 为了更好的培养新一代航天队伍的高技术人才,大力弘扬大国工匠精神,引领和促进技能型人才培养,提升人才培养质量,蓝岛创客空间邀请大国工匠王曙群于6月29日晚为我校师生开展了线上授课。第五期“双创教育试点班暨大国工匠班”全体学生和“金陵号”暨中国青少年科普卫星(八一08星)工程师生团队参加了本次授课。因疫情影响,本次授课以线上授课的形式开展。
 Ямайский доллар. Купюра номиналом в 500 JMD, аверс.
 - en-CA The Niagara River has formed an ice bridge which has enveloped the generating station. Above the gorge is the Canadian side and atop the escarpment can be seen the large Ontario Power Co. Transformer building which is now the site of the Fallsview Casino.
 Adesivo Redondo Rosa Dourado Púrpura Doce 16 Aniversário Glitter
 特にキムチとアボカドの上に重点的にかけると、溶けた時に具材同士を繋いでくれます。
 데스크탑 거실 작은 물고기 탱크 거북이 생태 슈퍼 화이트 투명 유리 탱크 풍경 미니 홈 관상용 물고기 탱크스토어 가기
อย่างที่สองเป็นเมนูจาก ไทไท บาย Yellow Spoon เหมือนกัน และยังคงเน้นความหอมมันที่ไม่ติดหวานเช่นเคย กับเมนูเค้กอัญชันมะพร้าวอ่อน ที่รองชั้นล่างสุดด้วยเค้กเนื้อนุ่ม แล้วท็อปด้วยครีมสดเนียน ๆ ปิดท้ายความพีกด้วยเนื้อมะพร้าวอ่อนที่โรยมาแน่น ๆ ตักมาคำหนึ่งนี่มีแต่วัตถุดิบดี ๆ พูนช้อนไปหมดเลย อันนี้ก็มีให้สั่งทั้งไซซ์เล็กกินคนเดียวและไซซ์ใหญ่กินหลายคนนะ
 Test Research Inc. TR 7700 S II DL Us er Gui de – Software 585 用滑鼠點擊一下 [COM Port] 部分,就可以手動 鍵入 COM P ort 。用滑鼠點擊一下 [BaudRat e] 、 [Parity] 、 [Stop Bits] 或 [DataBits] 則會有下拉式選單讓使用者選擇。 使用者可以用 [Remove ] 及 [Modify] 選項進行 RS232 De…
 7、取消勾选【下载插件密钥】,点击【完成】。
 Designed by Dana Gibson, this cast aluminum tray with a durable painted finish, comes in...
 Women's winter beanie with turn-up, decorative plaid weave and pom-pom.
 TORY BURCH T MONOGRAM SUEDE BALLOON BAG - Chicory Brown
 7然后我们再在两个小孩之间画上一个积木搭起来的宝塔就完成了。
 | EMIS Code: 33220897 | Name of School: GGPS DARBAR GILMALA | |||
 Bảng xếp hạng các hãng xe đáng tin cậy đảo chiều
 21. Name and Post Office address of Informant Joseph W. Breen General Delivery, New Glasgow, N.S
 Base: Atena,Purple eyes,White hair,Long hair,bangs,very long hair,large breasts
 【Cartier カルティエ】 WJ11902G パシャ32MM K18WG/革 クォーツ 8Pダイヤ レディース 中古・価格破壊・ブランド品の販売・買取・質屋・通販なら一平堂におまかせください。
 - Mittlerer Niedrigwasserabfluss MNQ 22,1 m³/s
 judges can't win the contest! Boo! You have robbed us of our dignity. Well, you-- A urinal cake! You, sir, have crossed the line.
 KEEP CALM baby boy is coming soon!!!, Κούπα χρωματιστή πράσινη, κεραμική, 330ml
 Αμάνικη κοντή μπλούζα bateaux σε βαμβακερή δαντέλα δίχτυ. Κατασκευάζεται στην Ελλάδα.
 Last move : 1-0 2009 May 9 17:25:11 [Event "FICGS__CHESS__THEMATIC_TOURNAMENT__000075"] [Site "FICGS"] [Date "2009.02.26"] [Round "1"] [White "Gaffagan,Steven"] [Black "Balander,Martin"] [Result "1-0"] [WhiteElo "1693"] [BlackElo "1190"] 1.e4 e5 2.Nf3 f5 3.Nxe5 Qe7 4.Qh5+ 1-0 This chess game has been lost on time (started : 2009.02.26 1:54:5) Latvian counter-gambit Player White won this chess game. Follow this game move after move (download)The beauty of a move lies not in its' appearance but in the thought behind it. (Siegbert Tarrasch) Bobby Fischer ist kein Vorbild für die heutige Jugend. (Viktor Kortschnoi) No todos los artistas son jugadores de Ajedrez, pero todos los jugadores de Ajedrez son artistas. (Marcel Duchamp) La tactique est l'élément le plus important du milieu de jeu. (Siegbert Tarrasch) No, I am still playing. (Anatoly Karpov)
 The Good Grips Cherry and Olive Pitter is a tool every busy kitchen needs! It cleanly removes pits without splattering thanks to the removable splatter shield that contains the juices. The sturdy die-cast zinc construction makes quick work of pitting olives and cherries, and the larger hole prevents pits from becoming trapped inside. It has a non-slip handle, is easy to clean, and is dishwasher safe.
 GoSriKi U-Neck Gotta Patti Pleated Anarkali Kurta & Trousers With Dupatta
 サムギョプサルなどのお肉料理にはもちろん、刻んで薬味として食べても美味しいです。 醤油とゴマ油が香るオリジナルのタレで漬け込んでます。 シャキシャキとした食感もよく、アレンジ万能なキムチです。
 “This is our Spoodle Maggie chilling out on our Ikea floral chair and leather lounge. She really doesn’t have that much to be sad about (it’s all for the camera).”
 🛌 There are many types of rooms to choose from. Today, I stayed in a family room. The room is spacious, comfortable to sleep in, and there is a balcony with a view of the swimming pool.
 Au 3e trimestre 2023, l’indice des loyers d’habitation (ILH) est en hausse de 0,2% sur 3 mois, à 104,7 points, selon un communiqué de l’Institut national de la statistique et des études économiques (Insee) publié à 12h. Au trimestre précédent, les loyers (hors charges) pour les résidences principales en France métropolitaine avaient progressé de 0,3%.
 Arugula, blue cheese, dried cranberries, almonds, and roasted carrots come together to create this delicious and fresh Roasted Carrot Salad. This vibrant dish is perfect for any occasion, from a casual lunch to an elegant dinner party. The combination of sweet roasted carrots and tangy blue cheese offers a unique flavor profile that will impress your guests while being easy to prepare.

···

▸ Task directions: Scan the records above, then copy out each line that mentions "have".

▸ Written answer:
 judges can't win the contest! Boo! You have robbed us of our dignity. Well, you-- A urinal cake! You, sir, have crossed the line.
 “This is our Spoodle Maggie chilling out on our Ikea floral chair and leather lounge. She really doesn’t have that much to be sad about (it’s all for the camera).”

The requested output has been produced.